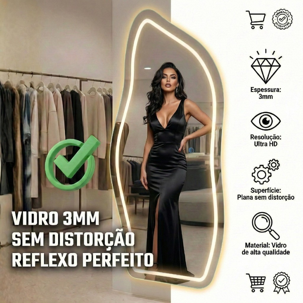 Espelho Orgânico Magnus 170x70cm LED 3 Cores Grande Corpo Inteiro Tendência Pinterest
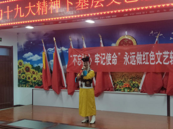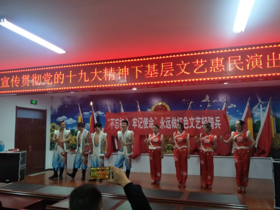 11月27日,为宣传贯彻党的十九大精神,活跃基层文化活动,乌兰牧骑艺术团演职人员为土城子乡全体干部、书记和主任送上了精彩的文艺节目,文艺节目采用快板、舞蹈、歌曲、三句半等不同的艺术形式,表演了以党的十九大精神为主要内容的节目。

==

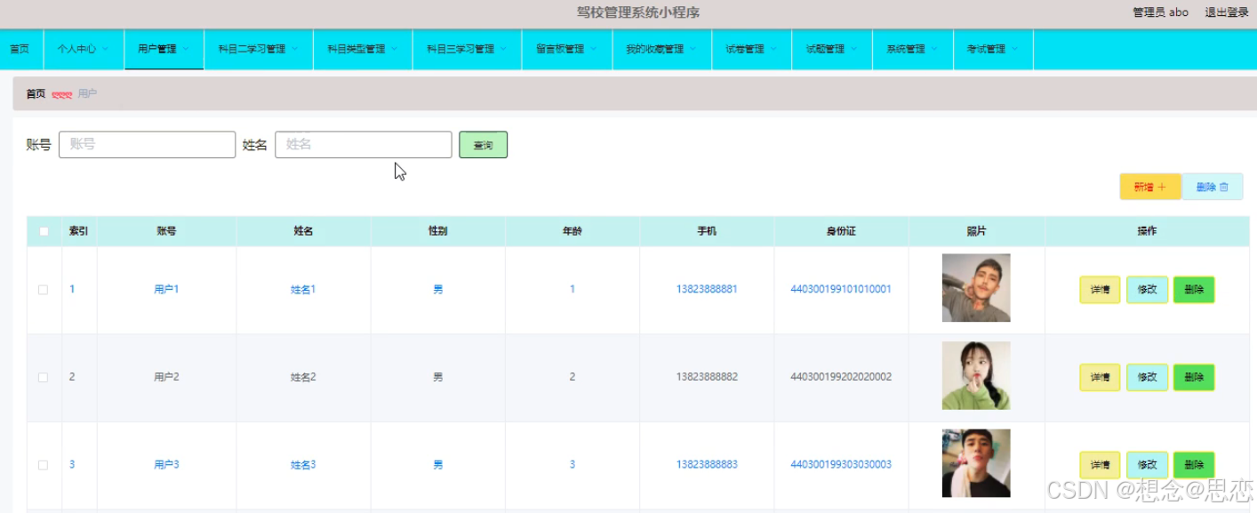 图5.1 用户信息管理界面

==

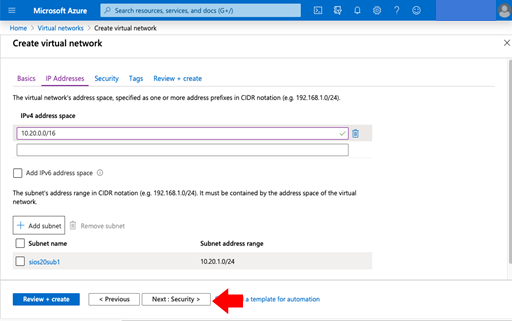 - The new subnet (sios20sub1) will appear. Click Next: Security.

# [ABOUT THIS TASK]
Your reply should consist solely of the lines above from the line containing "Espelho Orgânico Magnus" up to and including the line containing "11月27日,为宣传贯彻党的", reproduced exactly, minus the pictures.

# [WORKED SOLUTION]
 Espelho Orgânico Magnus 170x70cm LED 3 Cores Grande Corpo Inteiro Tendência Pinterest
 11月27日,为宣传贯彻党的十九大精神,活跃基层文化活动,乌兰牧骑艺术团演职人员为土城子乡全体干部、书记和主任送上了精彩的文艺节目,文艺节目采用快板、舞蹈、歌曲、三句半等不同的艺术形式,表演了以党的十九大精神为主要内容的节目。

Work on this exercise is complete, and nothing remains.